**REQUIREMENT**: Within the records below, find the line with "This Rolex Oyster" and the line with "Bok Choy Suppe", then reproduce exactly those two lines and all lines between them, without any picture.

**DATA FOR THE TASK**:
════════
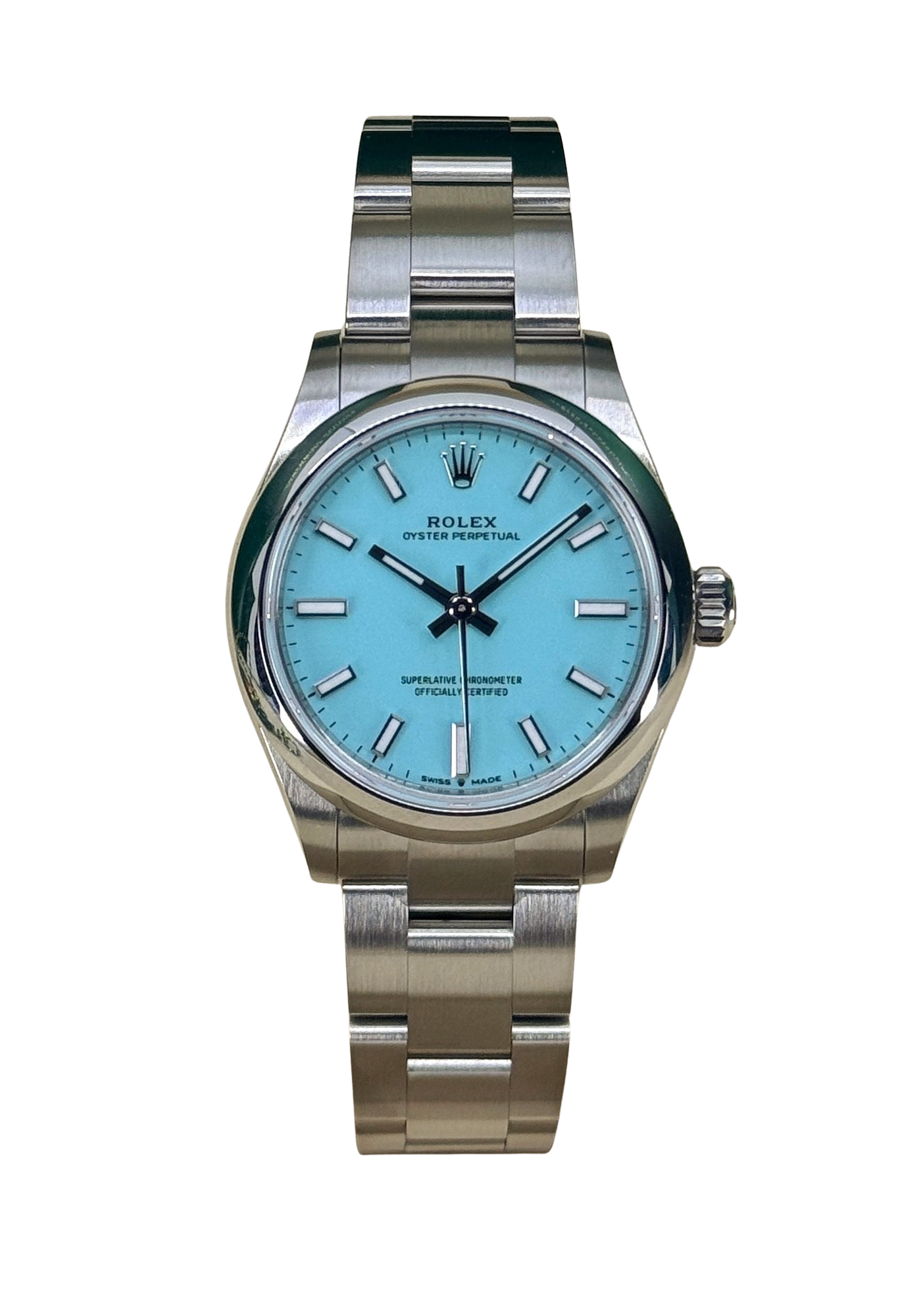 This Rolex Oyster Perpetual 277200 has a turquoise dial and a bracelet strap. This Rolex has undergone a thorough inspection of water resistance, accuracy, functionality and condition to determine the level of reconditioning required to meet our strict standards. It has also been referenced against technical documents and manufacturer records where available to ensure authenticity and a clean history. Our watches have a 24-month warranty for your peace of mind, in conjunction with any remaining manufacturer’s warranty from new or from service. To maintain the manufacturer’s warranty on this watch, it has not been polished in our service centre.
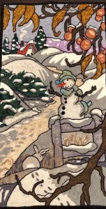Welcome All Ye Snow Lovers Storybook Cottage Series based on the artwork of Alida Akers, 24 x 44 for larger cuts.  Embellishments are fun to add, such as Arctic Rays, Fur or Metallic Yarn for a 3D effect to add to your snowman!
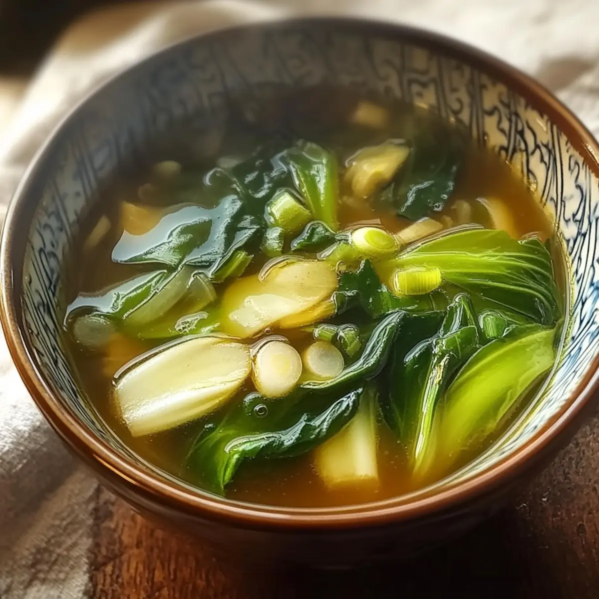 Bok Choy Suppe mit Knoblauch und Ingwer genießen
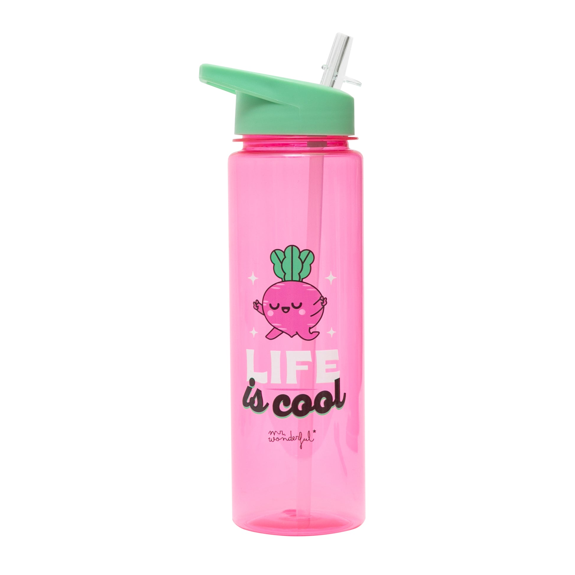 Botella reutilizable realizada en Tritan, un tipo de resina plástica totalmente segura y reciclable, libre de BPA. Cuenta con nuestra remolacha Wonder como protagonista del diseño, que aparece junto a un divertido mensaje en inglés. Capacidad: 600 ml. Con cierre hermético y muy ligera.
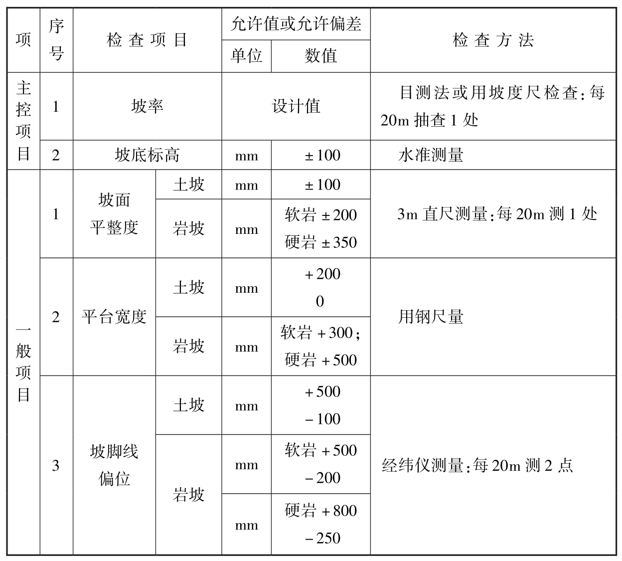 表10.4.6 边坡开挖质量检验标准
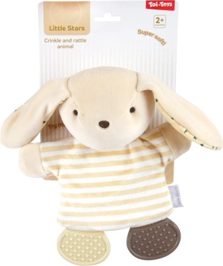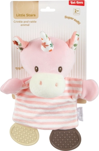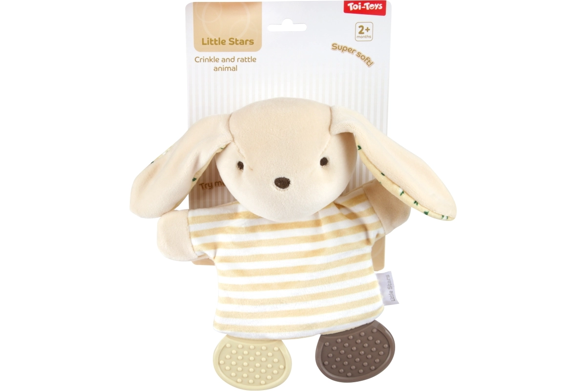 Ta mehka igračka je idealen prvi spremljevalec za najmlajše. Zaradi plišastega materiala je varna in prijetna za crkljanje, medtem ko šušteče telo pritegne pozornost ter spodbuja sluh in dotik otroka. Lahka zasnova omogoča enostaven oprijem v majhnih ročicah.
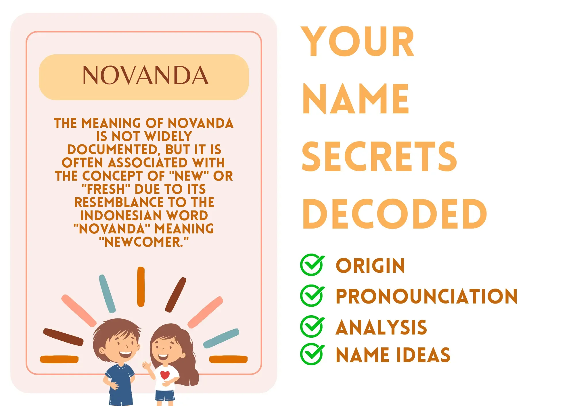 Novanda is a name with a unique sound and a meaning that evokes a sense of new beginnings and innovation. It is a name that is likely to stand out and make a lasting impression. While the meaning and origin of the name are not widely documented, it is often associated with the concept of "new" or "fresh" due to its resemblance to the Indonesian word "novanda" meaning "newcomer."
════════
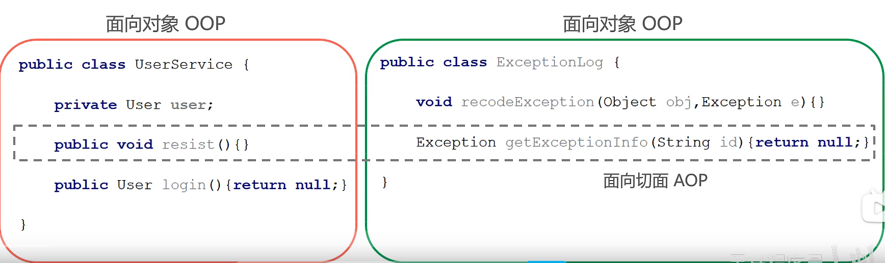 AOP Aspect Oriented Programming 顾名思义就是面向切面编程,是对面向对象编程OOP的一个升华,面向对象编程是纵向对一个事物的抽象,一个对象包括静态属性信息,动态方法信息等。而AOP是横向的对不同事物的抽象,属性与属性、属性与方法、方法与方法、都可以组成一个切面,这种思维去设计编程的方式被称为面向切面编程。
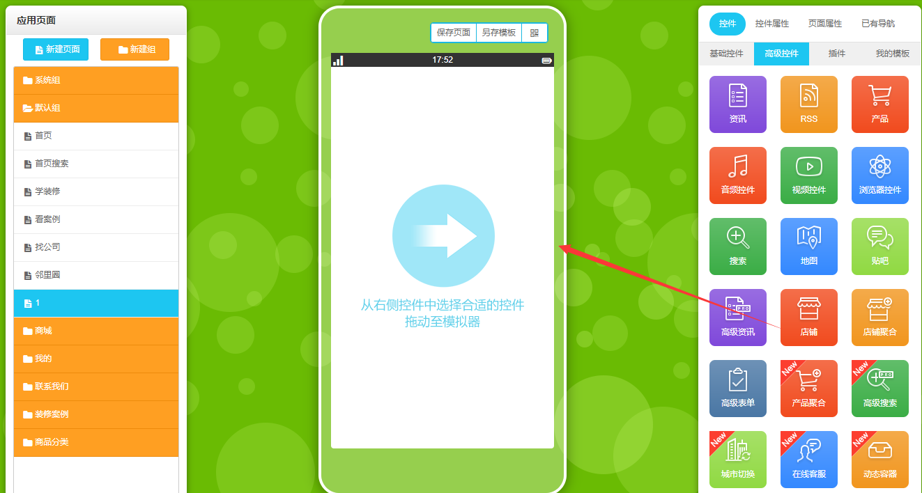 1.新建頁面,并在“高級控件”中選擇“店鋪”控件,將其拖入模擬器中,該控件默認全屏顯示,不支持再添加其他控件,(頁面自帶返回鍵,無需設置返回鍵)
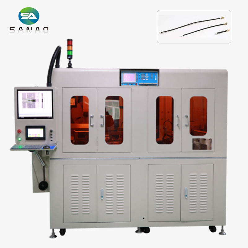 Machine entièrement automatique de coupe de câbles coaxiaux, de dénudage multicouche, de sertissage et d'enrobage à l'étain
════════
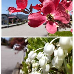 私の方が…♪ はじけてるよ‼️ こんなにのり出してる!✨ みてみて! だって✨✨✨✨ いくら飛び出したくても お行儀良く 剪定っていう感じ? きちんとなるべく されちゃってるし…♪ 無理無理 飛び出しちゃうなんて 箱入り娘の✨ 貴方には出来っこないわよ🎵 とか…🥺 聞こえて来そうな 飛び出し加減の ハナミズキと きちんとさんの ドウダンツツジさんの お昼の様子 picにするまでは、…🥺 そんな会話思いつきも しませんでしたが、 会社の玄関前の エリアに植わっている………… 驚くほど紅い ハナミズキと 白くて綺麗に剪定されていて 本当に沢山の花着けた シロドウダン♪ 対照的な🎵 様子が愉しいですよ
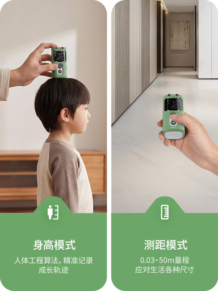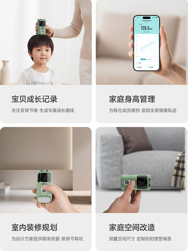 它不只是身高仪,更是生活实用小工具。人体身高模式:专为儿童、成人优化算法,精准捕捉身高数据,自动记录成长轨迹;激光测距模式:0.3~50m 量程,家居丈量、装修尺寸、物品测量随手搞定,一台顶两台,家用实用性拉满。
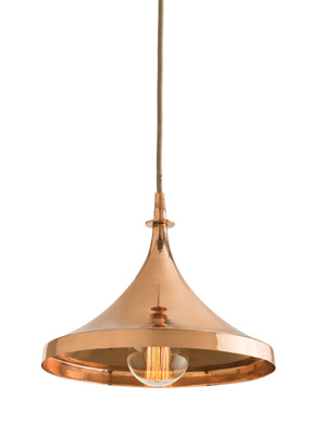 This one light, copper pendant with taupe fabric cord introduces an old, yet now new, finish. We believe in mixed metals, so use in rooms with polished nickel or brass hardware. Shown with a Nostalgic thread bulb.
════════
**SOLUTION FOR THIS PROBLEM**:
 This Rolex Oyster Perpetual 277200 has a turquoise dial and a bracelet strap. This Rolex has undergone a thorough inspection of water resistance, accuracy, functionality and condition to determine the level of reconditioning required to meet our strict standards. It has also been referenced against technical documents and manufacturer records where available to ensure authenticity and a clean history. Our watches have a 24-month warranty for your peace of mind, in conjunction with any remaining manufacturer’s warranty from new or from service. To maintain the manufacturer’s warranty on this watch, it has not been polished in our service centre.
Welcome All Ye Snow Lovers Storybook Cottage Series based on the artwork of Alida Akers, 24 x 44 for larger cuts.  Embellishments are fun to add, such as Arctic Rays, Fur or Metallic Yarn for a 3D effect to add to your snowman!
 Bok Choy Suppe mit Knoblauch und Ingwer genießen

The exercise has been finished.